Book.where('info LIKE ?', "%ref: '#{params[:ref]}'")

The bug that surfaced at the time was that some books were not fetched when the search query contained alpha-numeric reference numbers (those that contains both digits and letters) as some reference numbers were pure digits and some were a mix of digits and alphabetical characters.

The main issue with the previous search query is that it assumes that the value of ref is always stored wrapped in single quotes, i.e. ref: '123' as in the case with integer reference numbers, however; alpha-numeric reference numbers were stored in the database without the single quotes!
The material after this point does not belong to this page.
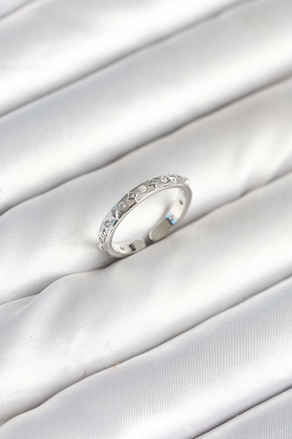 Pirinç Gümüş Renk Zirkon Taşlı Kadın Yüzük
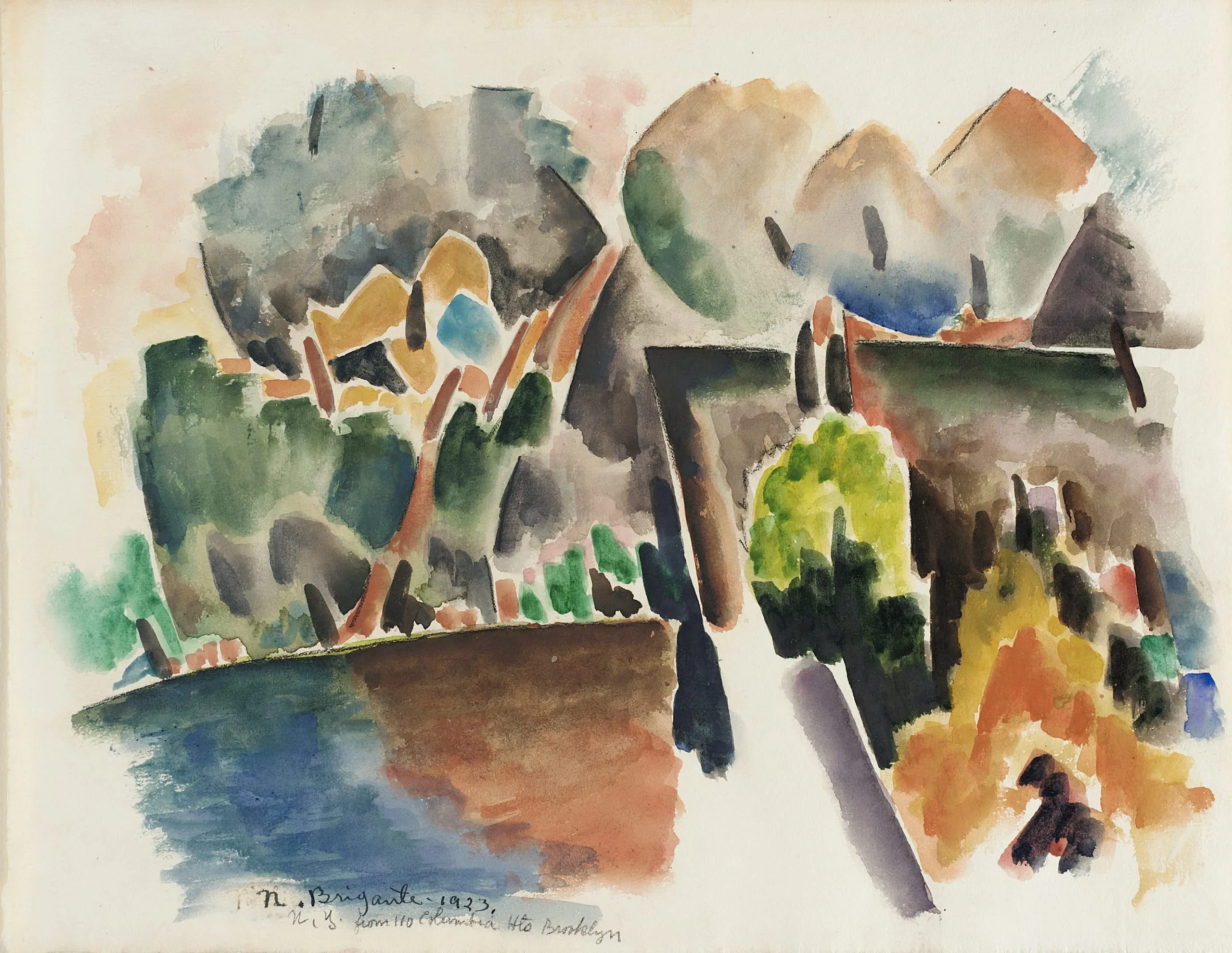 In April 1923 Brigante left Los Angeles for New York. The year he spent there was of seminal importance to his artistic development. He lived in a house on Columbia Heights in Brooklyn rented to him by the modernist sculptor Robert Laurent (1890-1970). Brigante, anxious to learn all he could, visited Alfred Stieglitz (1864-1946) in his gallery and became better acquainted with modern American trends, and he began exhibiting at the progressive Daniel Gallery. A devoted watercolorist, Brigante admired the art of JOHN MARIN and Charles Sheeler (1883-1965) but was most influenced by the work of CHARLES DEMUTH.

My initial solution was to provide two search queries for each type of reference numbers because, at the time, I thought the issue was with the way the object was stored in PostgreSQL. However, and after further investigation, the problem turned out to be with YAML.
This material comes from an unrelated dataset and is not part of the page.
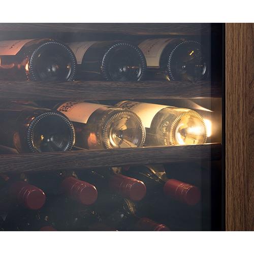 庫内上部、および左右側面は高さ違いに暖色系のLED照明を配置しワインボトルを探しやすくしました。LED照明が庫内全体を照らし出し、お気に入りのワインボトルを美しく照らし出します。
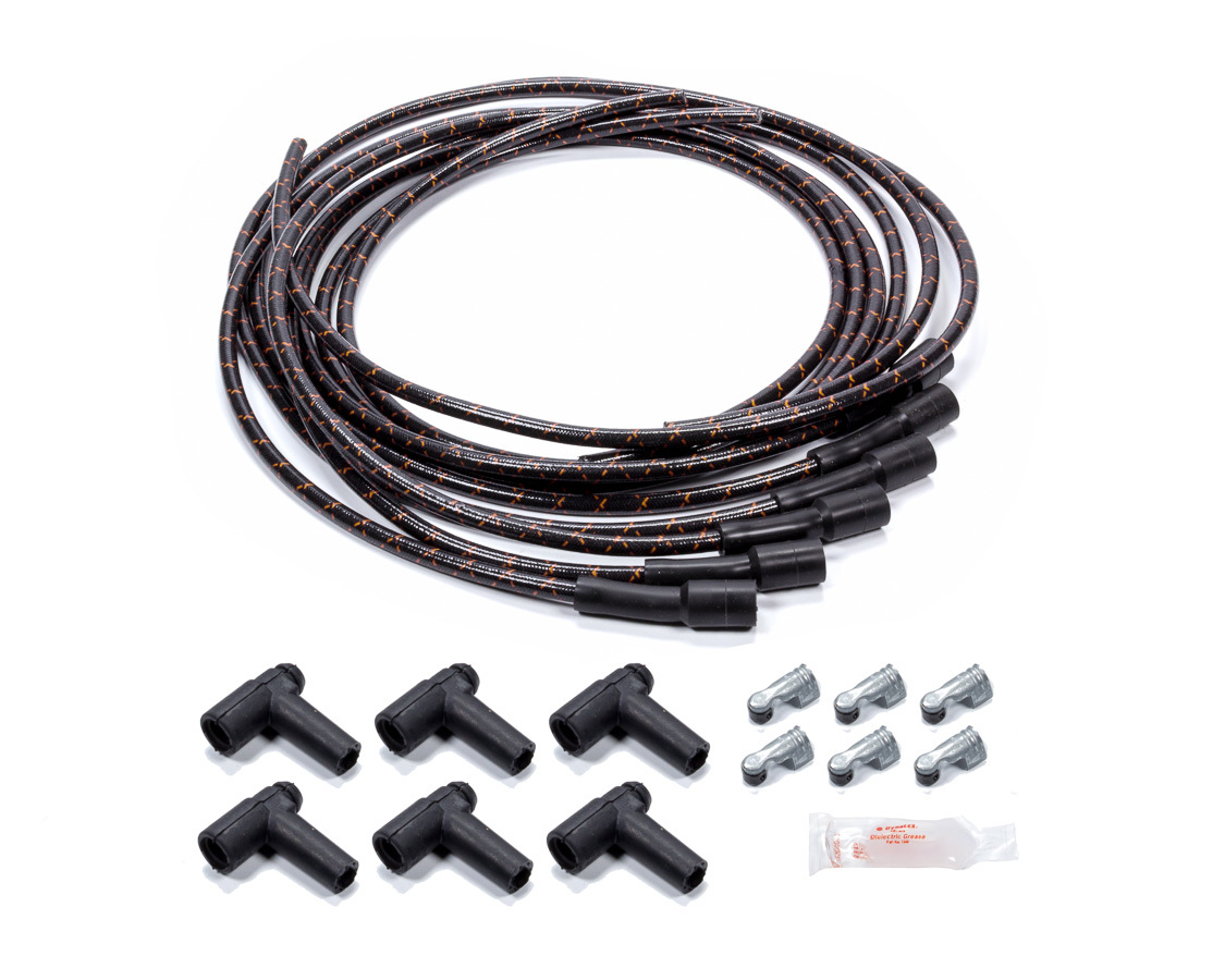 Product Description Spark Plug Wire Set - Spiral Core - 7.8 mm - Lacquer Covered Cotton Braid - Black / Orange - Straight Boots - HEI Style Terminal - Universal - Kit

As it turns out, the main issue was with how YAML (or Psych in Ruby) dumps integers and strings differently. Checkout the following code snippet and see for yourself:

require 'psych'

Psych.dump('123')   # => "--- '123'\n"

## vs.

Psych.dump('hello') # => "--- hello\n"

This is not a bug in Psych. In fact, the same behavior is found in Python implementation, PyYAML:

import yaml

yaml.dump('123')   # => "'123'\n"

## vs.

yaml.dump('hello') # => 'hello\n...\n'

It’s weird to me why YAML doesn’t treat all strings equally and keep or remove the quotes all together. This just adds up to the list of weird behavior of YAML. Although to be fair, it might be a way to differentiate between integers and integers wrapped in quotes when they are dumped and reloaded (I’m not waging a war on YAML, I swear).
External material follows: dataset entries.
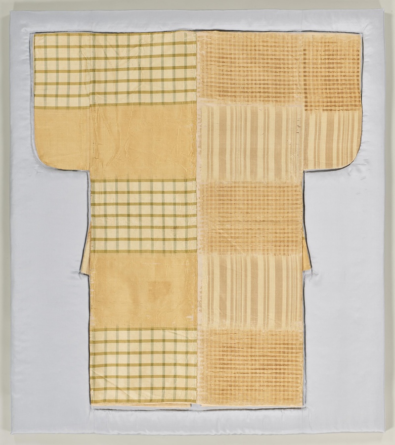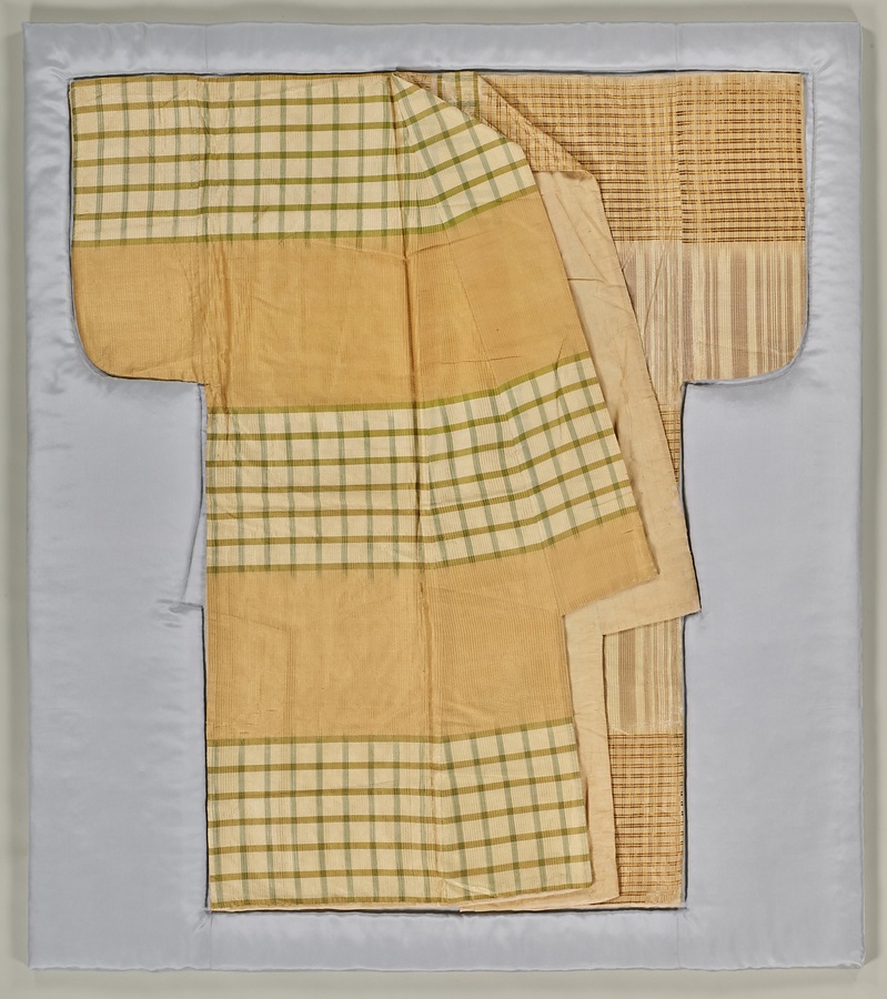 小袖 白地片身替格子縞段縬
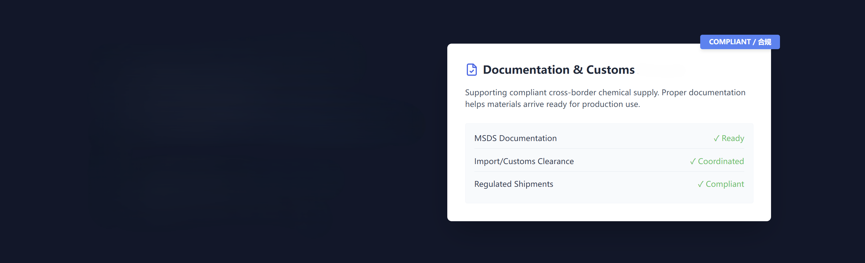 Adhesive and chemical material supply for multi-site production, ensuring the exact same formulation reaches every factory.
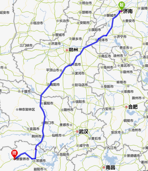 濟南去張家界自駕車自助游線路圖全程高速):

Eventually, to work around this issue, I had to explicitly convert params[:ref] to an integer iff it could be cast into an integer. This way, we can write a single search query and remove the wrapping single quotes for all types of reference numbers:

ref = Integer(params[:ref]) rescue params[:ref]

Book.where('info LIKE ?', "%ref: #{ref}")

That’s it for now. Thanks for reading!